### [Exercise]
Exactly as written, transcribe the data from its opening line through the line containing "フラワーデザイン アクセサリー AE332221173202847435". Leave every picture out.

### [Entries shown]

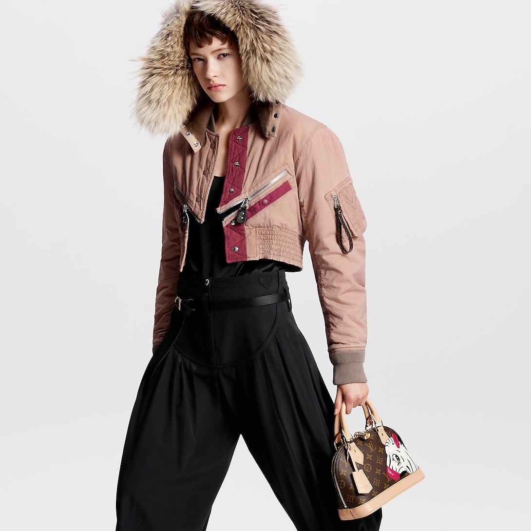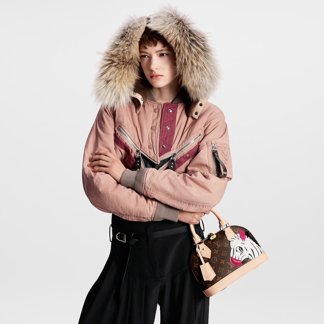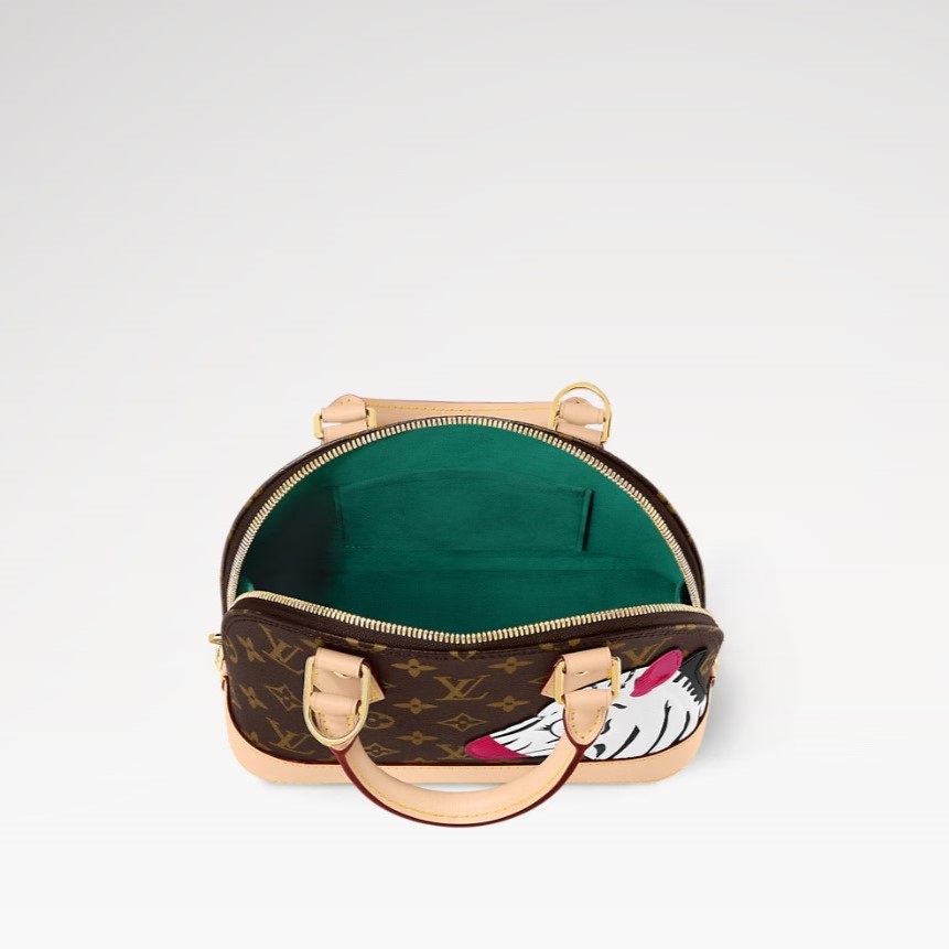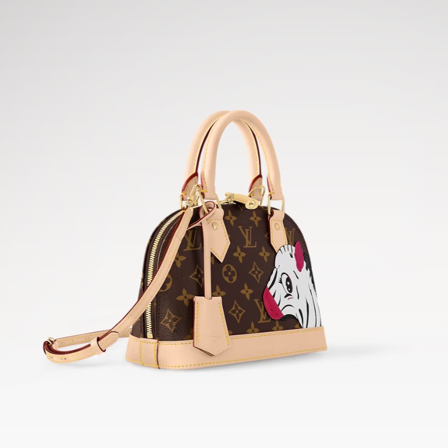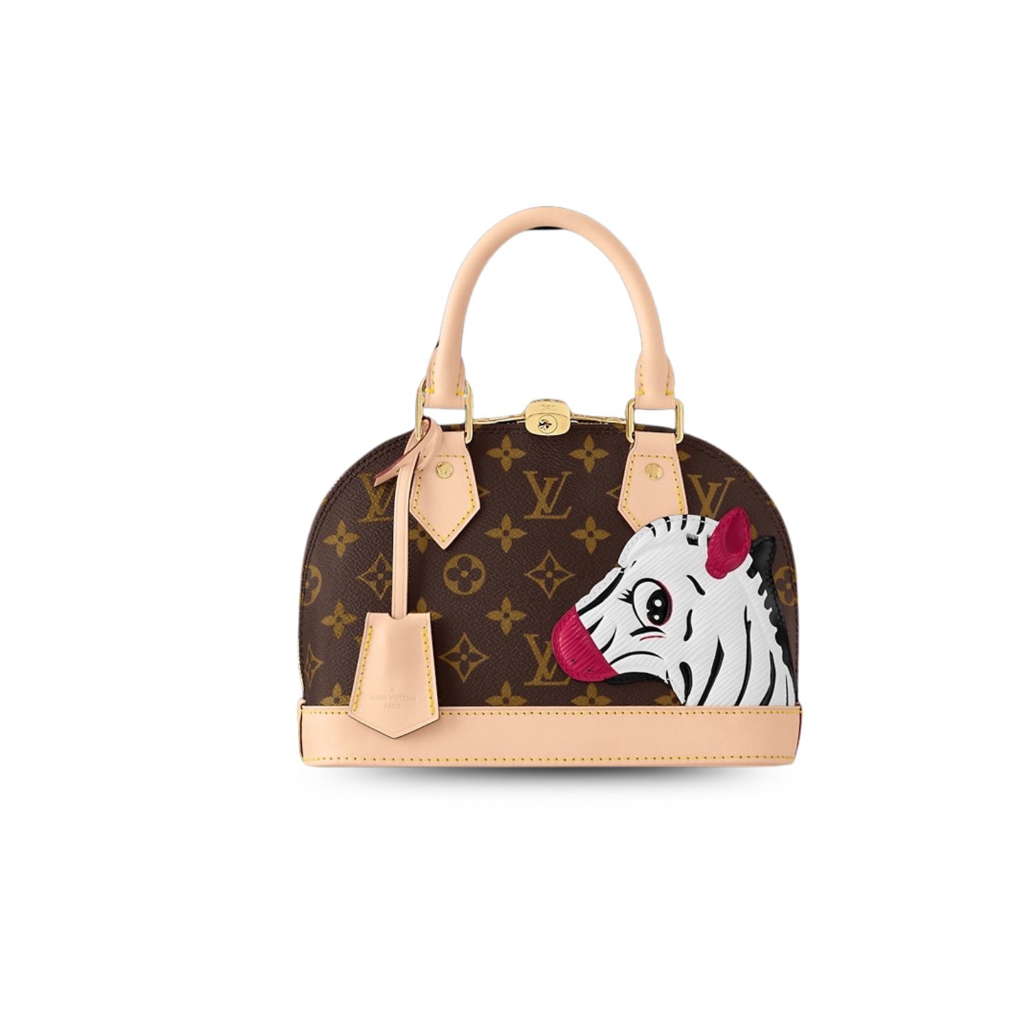 This Alma BB handbag is made from Monogram canvas with cowhide-leather trim. It features a zebra-head patch in Epi leather, co-created by Nicolas Ghesquière and Chinese artist Sun Yitian. The colors echo those of the background of the original artwork. The two rolled-leather top handles, and a removable and adjustable strap, give carry options.
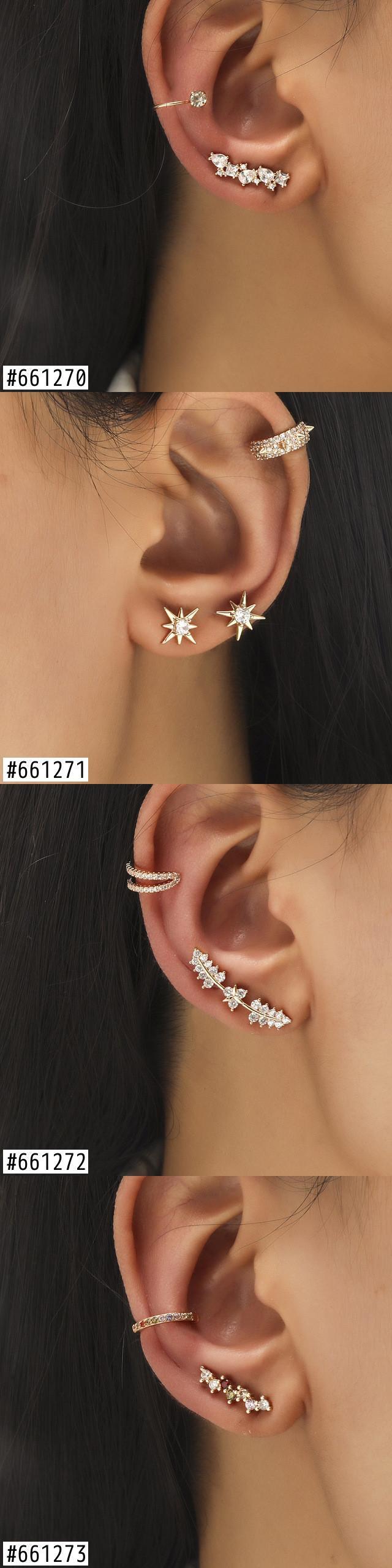 送料無料 LATSスターリーフフラワーイヤーカフ幾何学的なジルコンイヤークリップイヤリングセット女性男性高級イヤリングカフトレンドジュエリー 指輪 フラワーデザイン アクセサリー AE332221173202847435
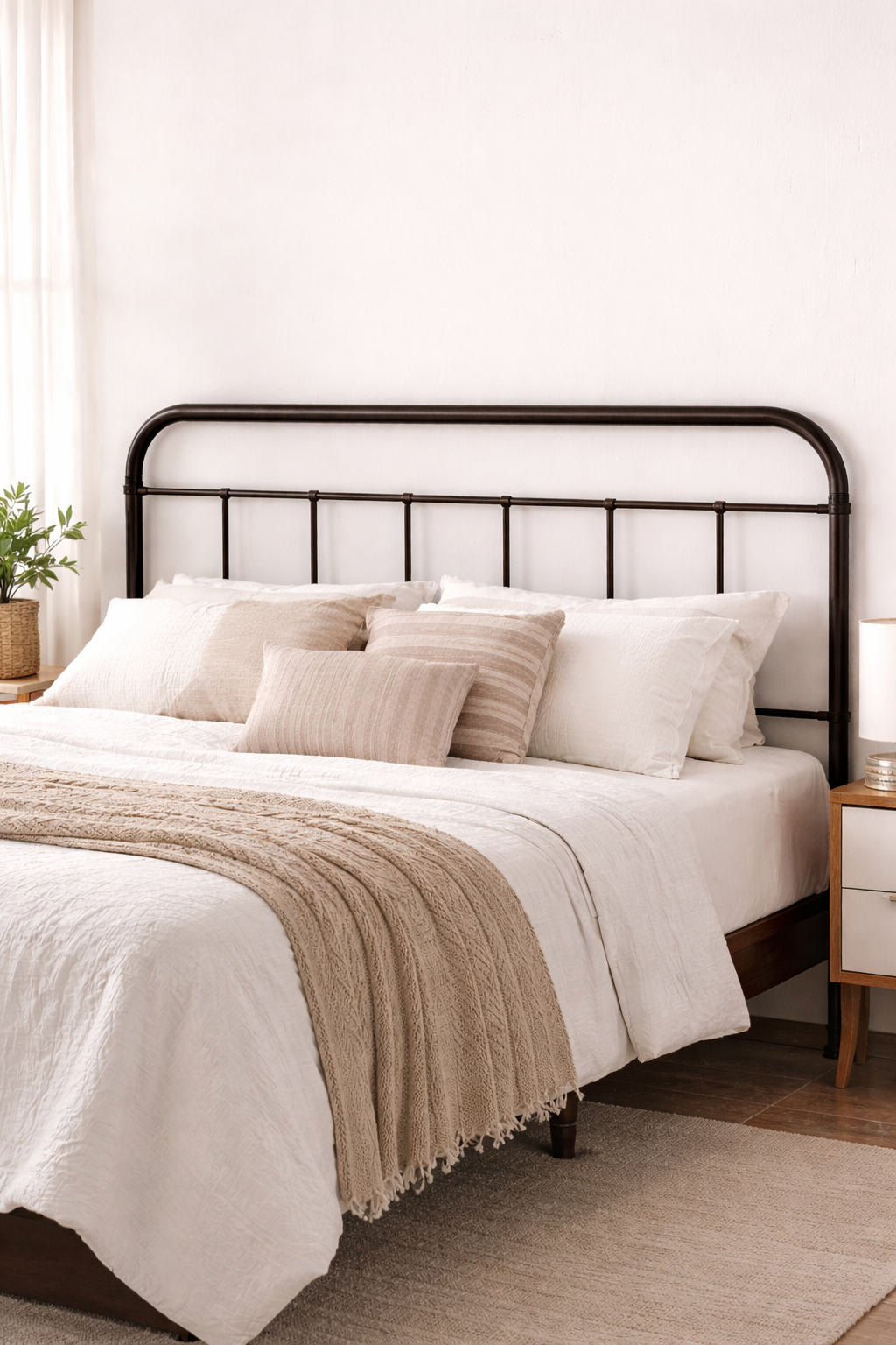Add timeless character to your bedroom with this King Steel Headboard in a vintage dark brown finish. Crafted from durable steel metal with a powder-coated antique look, this king-size metal headboard blends rustic charm with clean, modern lines. The softly rounded corners and vertical spindle detailing create a refined farmhouse aesthetic that complements cottage, traditional, and modern farmhouse interiors. A reinforced center ladder beam enhances structural stability, while non-marking foot caps help protect hardwood and tile flooring. Designed to anchor master bedrooms or guest spaces with understated elegance, this vintage-inspired metal headboard delivers dependable construction and classic style in one versatile statement piece.
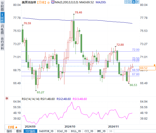美原油上涨0.35%,至69.48美元/桶。本轮涨势主要受到地缘政治风险的驱动。近日,乌克兰使用美制导弹袭击俄罗斯边境地区后,俄罗斯更新核武政策,并威胁对任何进一步挑衅采取强硬措施。这种紧张局势加剧了市场对能源供应中断的担忧,推动油价走高。
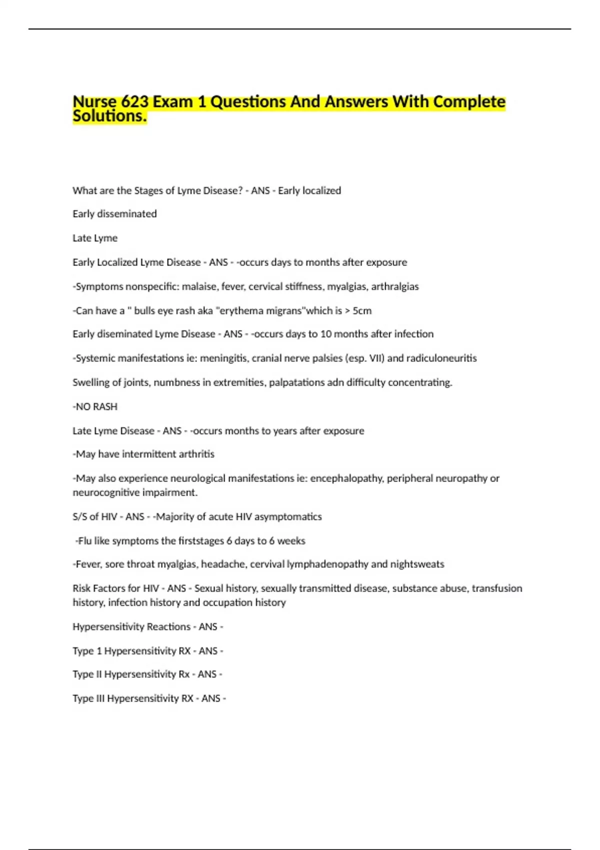 Nurse 623 Exam 1 Questions And Answers With Complete Solutions.
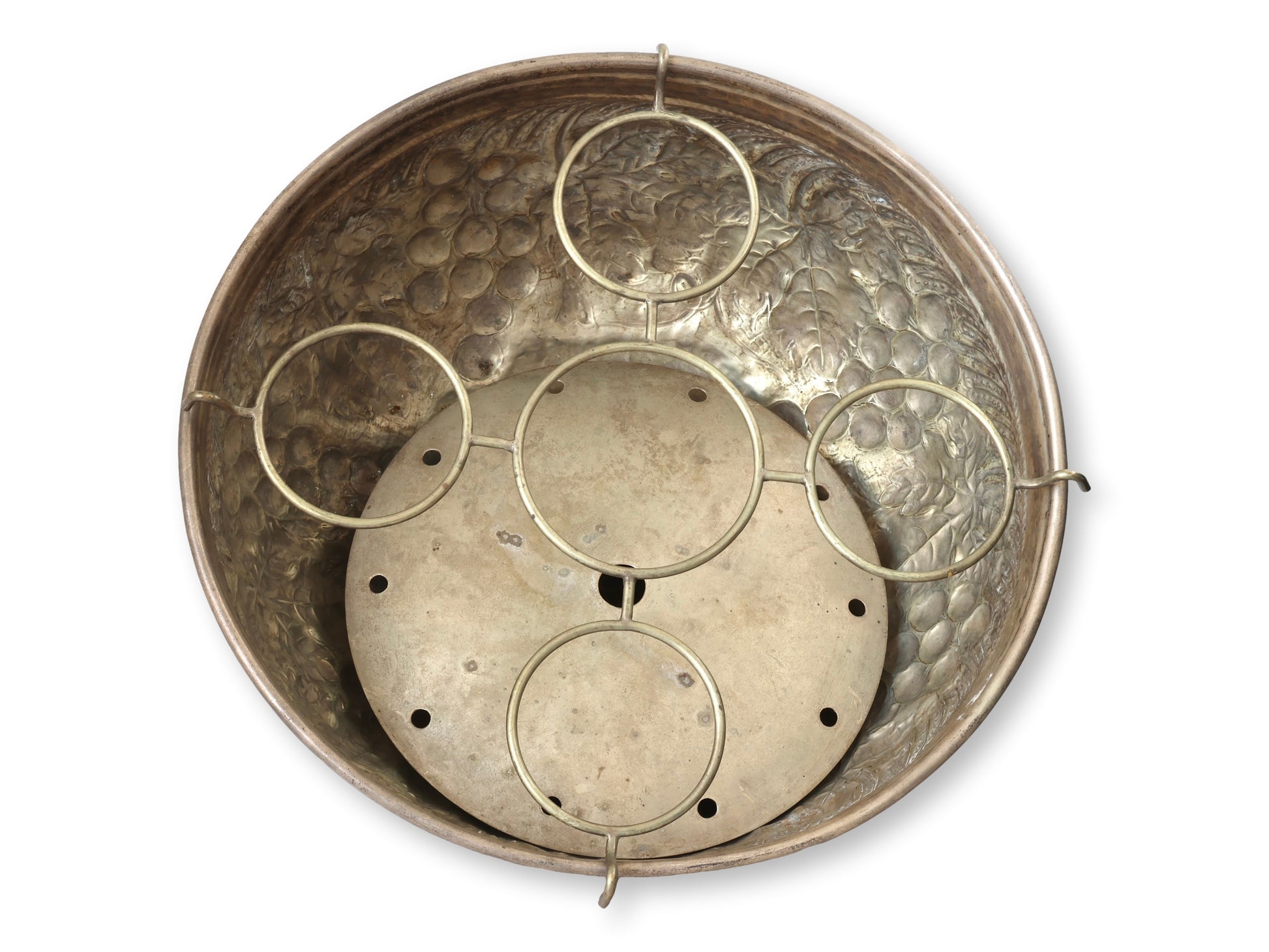The interior retains its original brass insert with five bottle rings and a central drip plate, allowing it to hold multiple bottles securely while maintaining impeccable presentation. The silver surface displays a warm, natural patina with areas of oxidation and tarnish, enhancing its depth and authenticity. A statement piece that moves effortlessly from bar to buffet, where refinement and presence matter most.

### [Problem solution]
 This Alma BB handbag is made from Monogram canvas with cowhide-leather trim. It features a zebra-head patch in Epi leather, co-created by Nicolas Ghesquière and Chinese artist Sun Yitian. The colors echo those of the background of the original artwork. The two rolled-leather top handles, and a removable and adjustable strap, give carry options.
 送料無料 LATSスターリーフフラワーイヤーカフ幾何学的なジルコンイヤークリップイヤリングセット女性男性高級イヤリングカフトレンドジュエリー 指輪 フラワーデザイン アクセサリー AE332221173202847435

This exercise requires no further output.